ACTIVITY:
Since the copy must hold text only, transcribe the data below exactly and omit the images.

DATA BELOW:
───

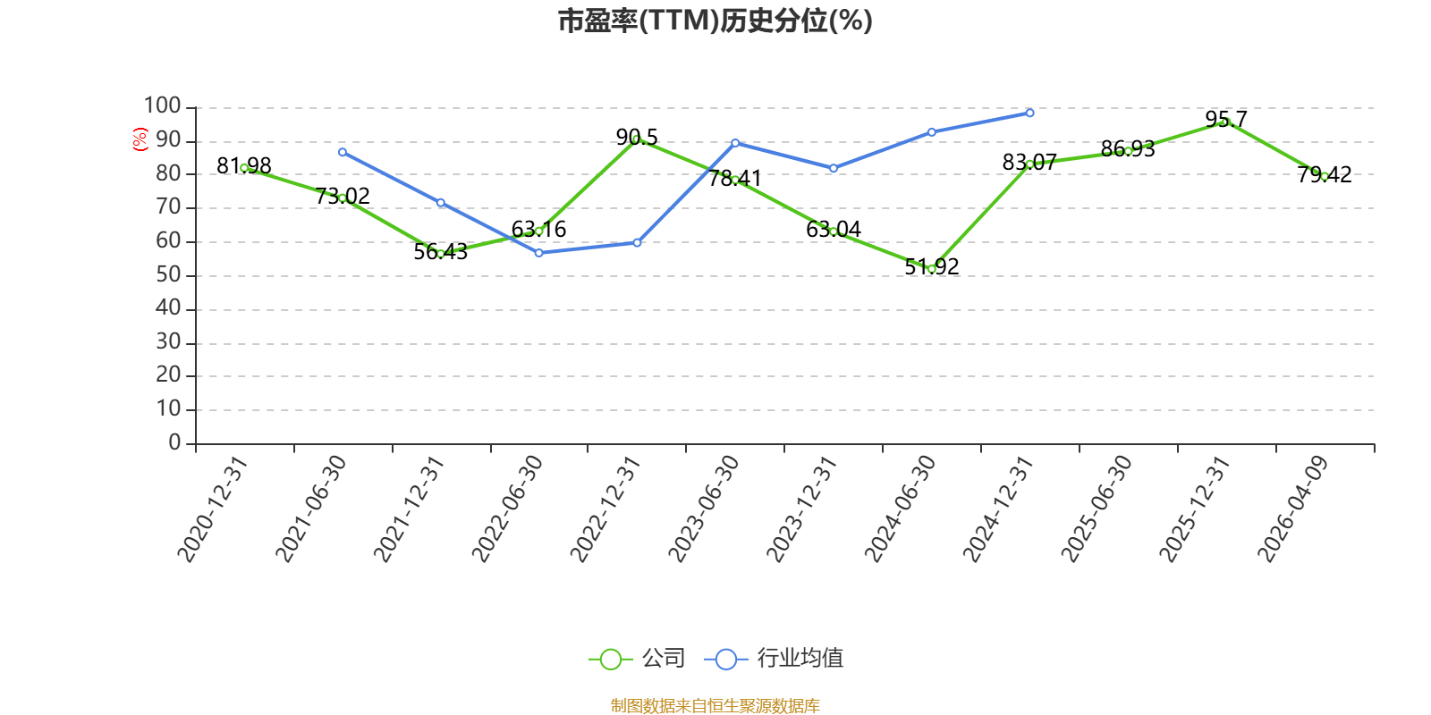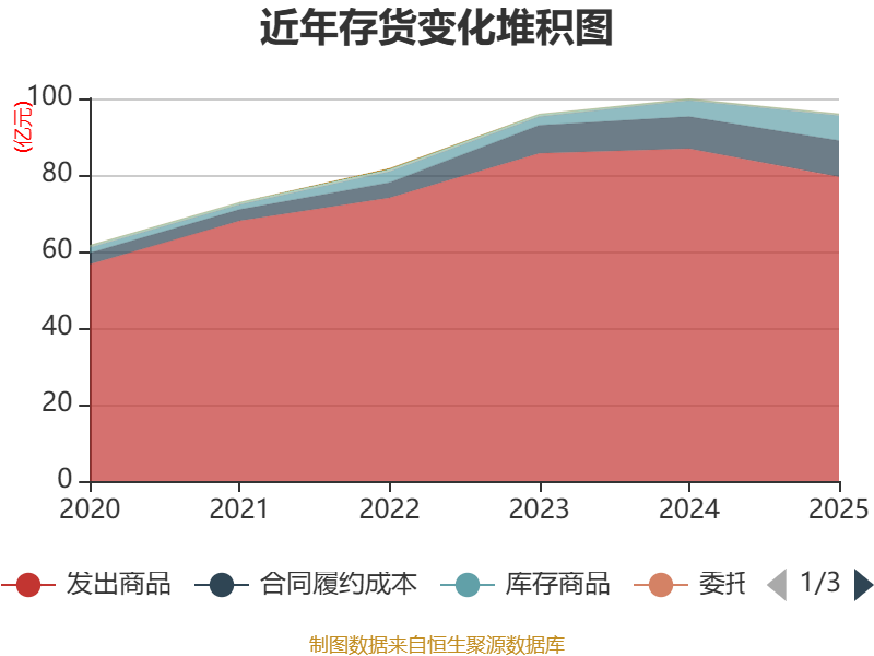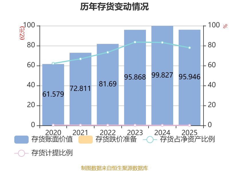 从存货变动来看,截至2025年末,公司存货账面价值为95.95亿元,占净资产的77.86%,较上年末减少3.88亿元。其中,存货跌价准备为546.52万元,计提比例为0.06%。
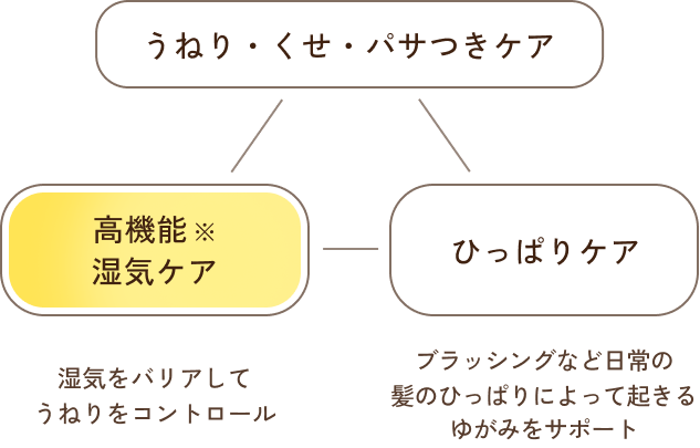 湿気や乾燥などに左右されないまとまる髪へ導きます。
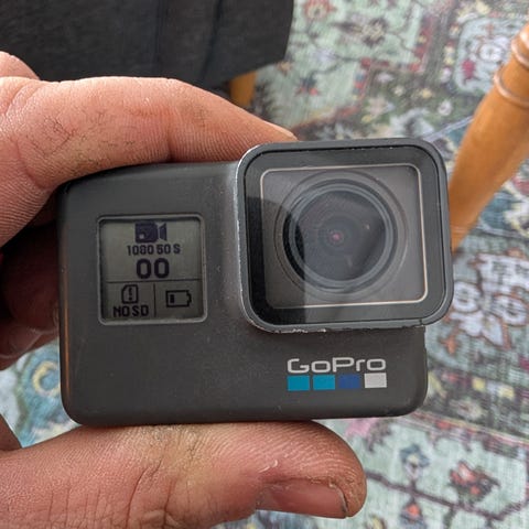 GoPro actionkamera i grå farge. Kompakt kamera med frontlinse og berøringsskjerm på baksiden. På bildene følger det med flytende håndgrep og rammefeste som kan brukes til montering. Egnet til opptak av video og bilder i ulike aktiviteter, både på land og i vann når det brukes med riktig tilbehør og hus etter behov.
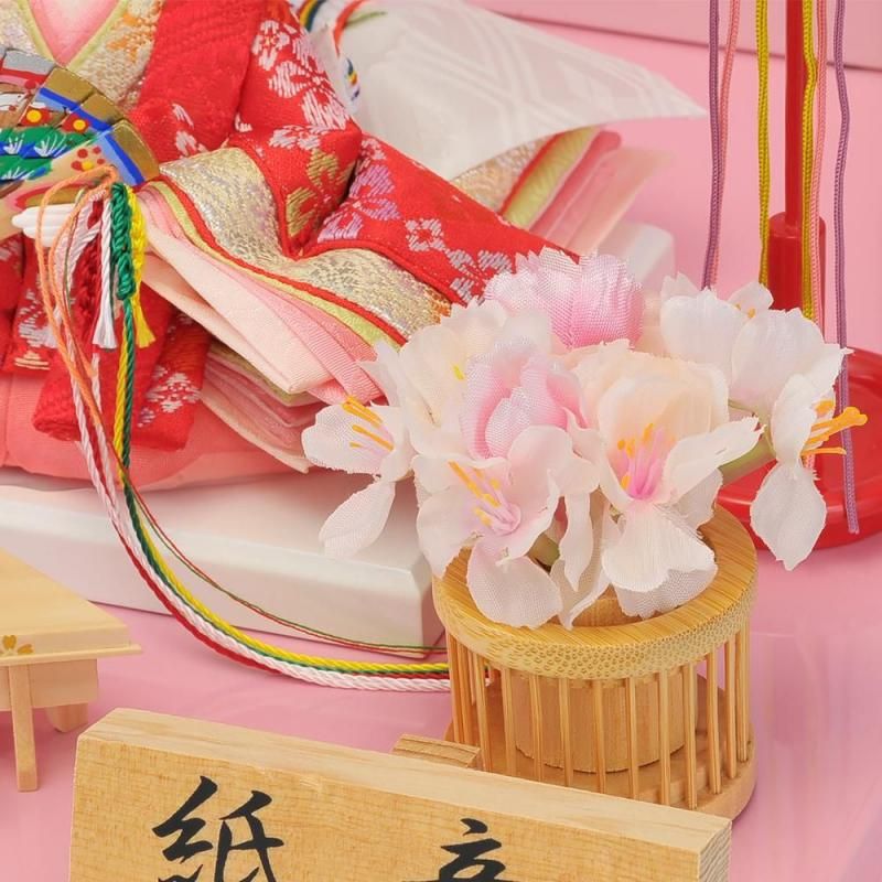 コンパクトでお値打ちなかわいらしい人気のセットです。写真のようにつるし飾りをサイドにセットすると華やかさが一層増します。

───

ANSWER TO THIS TASK:
 从存货变动来看,截至2025年末,公司存货账面价值为95.95亿元,占净资产的77.86%,较上年末减少3.88亿元。其中,存货跌价准备为546.52万元,计提比例为0.06%。
 湿気や乾燥などに左右されないまとまる髪へ導きます。
 GoPro actionkamera i grå farge. Kompakt kamera med frontlinse og berøringsskjerm på baksiden. På bildene følger det med flytende håndgrep og rammefeste som kan brukes til montering. Egnet til opptak av video og bilder i ulike aktiviteter, både på land og i vann når det brukes med riktig tilbehør og hus etter behov.
 コンパクトでお値打ちなかわいらしい人気のセットです。写真のようにつるし飾りをサイドにセットすると華やかさが一層増します。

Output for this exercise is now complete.